Thoughts are like people boarding a train at a station.  The train draws up to the platform and stops. People get off.  People get on. Thoughts arrive into and depart out of the brain.  In the mind they chatter on unless interrupted. The train continues its journey, just as the mid does. She tries to train the thoughts to go another journey and not to board the train and to board her mind!

She began to hear her inner voice talking incessantly about everything, except the about-to-happen priorities.  She was certain that emotion and mind got in the way of the NOW, the PRESENT, the CURRENT.  However, these thinkings or thoughts WERE her own needs and therefore Priorities to her,  even though not related to the task in hand or what was going on in other parts of her house.  Sometimes those happenings in another room blurted into her brain and caused her to respond with action.  Someone was asking for attention, for assistance, or whatever!  The voice would intrude into her mind and not actually say “Jump”, but SHE would have to say to herself "JUMP" because the other voice, the not-her-own-voice was demanding HER.  She needed to wake from her reverie, from her reflections, from her thoughts, those which pulled towards attempting to heal her inner soul.
Those which conundrums existing in her head were perhaps not part of the real reality. She tried to resolve the difficulties.
But how could she? In reality. Tread on eggshells. Jump hurdles. Meet the needs.

If there were to be music maybe any internal chatter would stop.

The room in which she was working and the whole house exude quietness and peacefulness, except for the clink of the scraping tools and an electrical sander in another room. Yes, it was as if this house needs her to be calm..... CALM...........

She is tired, very tired WITH renovating and OF renovating.
How did she arrive here?

On a different day or a different moment she will be excited.
She will be glad to have her house finished and habitable or even one step nearer towards that day! She will be happy to fight against what apparently seems to be the impossible and achieve Paradise even within this Hell that abounds.

Hence a muddle… a confusion - not knowing what she wants or how to solve dilemmas.

It’s hard work.  Relentless.  Restless in France.

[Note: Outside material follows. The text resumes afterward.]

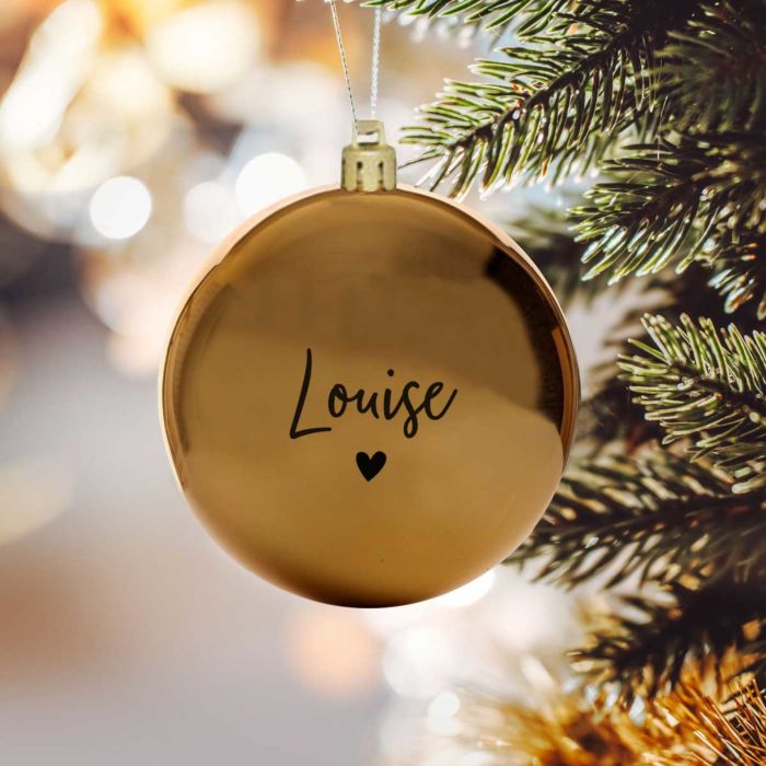 Cette année, et comme chaque année, chers lutins et fées de Noël, votre sapin sera encore plus beau et original que l’année passée. Tout simplement parce que nous avons chaque année de nouvelles idées de déco à vous proposer, toutes plus belles et plus originales les unes que les autres. Et quand nous disons « originales », nous pensons par exemple à notre boule de Noël personnalisée avec un cœur, que vous pouvez personnaliser avec votre propre texte. Le tout avec une ficelle pour le suspendre (très high-tech, donc…) et aussi dans la couleur de votre choix.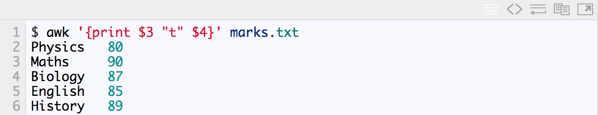 #cat /etc/passwd |awk -F ':' '{print $1"\t"$7}'

She looks at the two seas of flooring lifted and flooring glued to the ground and desperately finds reasons to raise herself, up from her knees on concrete, to every now and then do something different.
To sweep, or gather the floored shapes and bin them, to look at the clock, to take a tea break, tp remember something to make a note of, in order to create sense out of chaos.

Eventually after several days, nay weeks, trying to develop a technique to rid the house of  flooring material strongly glued to  house floor, now crumbled like flour in places, only paper and glue are left.

He intends to grind it off with the ‘ponceuse’... the electrical grinder!
It is heavy and a beast to back injuries. She feels for him.
Garbed with ear defenders, mouth masks, woolly hats and work gear, he and she.
Noise, dust and an acrid smell of metal on concrete, paper and glue exude to fill the room as the grinder deafeningly screams at the floor and a huge waft of a cloud of dust fills the air, even though the doors are wide open.

Hee hee,  maybe, in another 25 years, someone will be cursing her for the floor that she will glue down!   (Post script: Excepting that the oak floor was secret-screwed and never glued.)

Whoopee!  Removed!  Celebrate? Oh no!  Continue to Clear is the next process.  Then to level the concrete floor with 'ragreage' or levelling compound. 
She should be joyous but depression leaves her flat.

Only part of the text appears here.